#### Records provided:
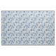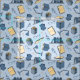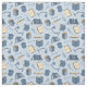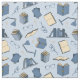 Blassblaue Stoffe mit einem coolen Muster aus blauen Büchern, Tischlampen und Lesebrille
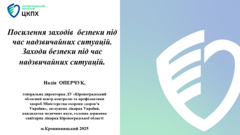 Головна державна санітарна лікарка Кіровоградської області Надія Оперчук разом із завідувачкою відділу моніторингу та реагування на небезпеки Іриною Луняченко організували та провели онлайннавчання на тему: «Посилення заходів безпеки під час надзвичайних ситуацій».
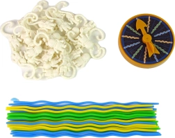 Objevte napínavou rodinnou hru s raketou, která promění každý den v kosmické dobrodružství. Postavte průhlednou raketu, vložte barevné tyčky do otvorů a shora nasypejte malé astronauty. Podle ruletky hráči postupně vytahují tyčky dané barvy – a kdo způsobí pád nejvíce astronautů, prohrává.
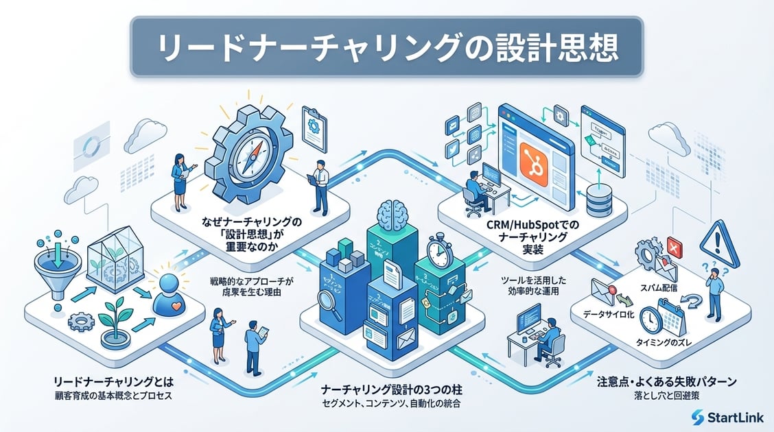 本記事では、リードナーチャリングの設計思想を、個別のテクニックではなく全体フローの観点から解説します。
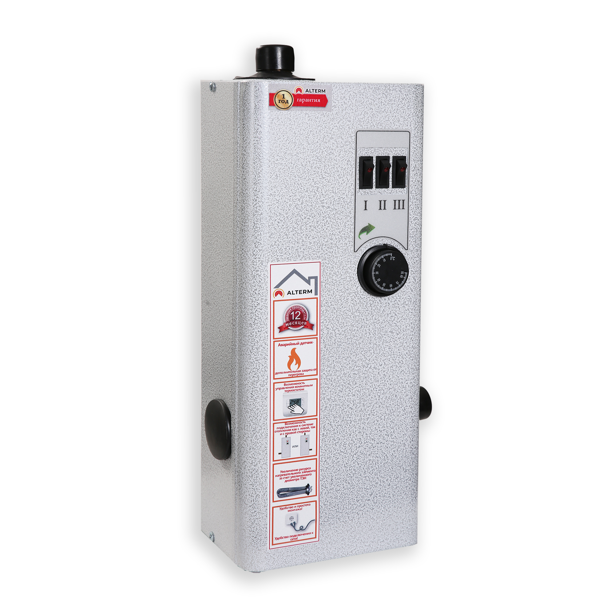 Для удобства эксплуатации электрокотёл оснащён встроенным датчиком температуры, который автоматически поддерживает нужный уровень нагрева в системе отопления. Дополнительно установлен аварийный датчик, отключающий блок ТЭН при угрозе закипания воды.

#### What you have to do:
Transcribe every record exactly and omit each image.

#### Response box:
 Blassblaue Stoffe mit einem coolen Muster aus blauen Büchern, Tischlampen und Lesebrille
 Головна державна санітарна лікарка Кіровоградської області Надія Оперчук разом із завідувачкою відділу моніторингу та реагування на небезпеки Іриною Луняченко організували та провели онлайннавчання на тему: «Посилення заходів безпеки під час надзвичайних ситуацій».
 Objevte napínavou rodinnou hru s raketou, která promění každý den v kosmické dobrodružství. Postavte průhlednou raketu, vložte barevné tyčky do otvorů a shora nasypejte malé astronauty. Podle ruletky hráči postupně vytahují tyčky dané barvy – a kdo způsobí pád nejvíce astronautů, prohrává.
 本記事では、リードナーチャリングの設計思想を、個別のテクニックではなく全体フローの観点から解説します。
 Для удобства эксплуатации электрокотёл оснащён встроенным датчиком температуры, который автоматически поддерживает нужный уровень нагрева в системе отопления. Дополнительно установлен аварийный датчик, отключающий блок ТЭН при угрозе закипания воды.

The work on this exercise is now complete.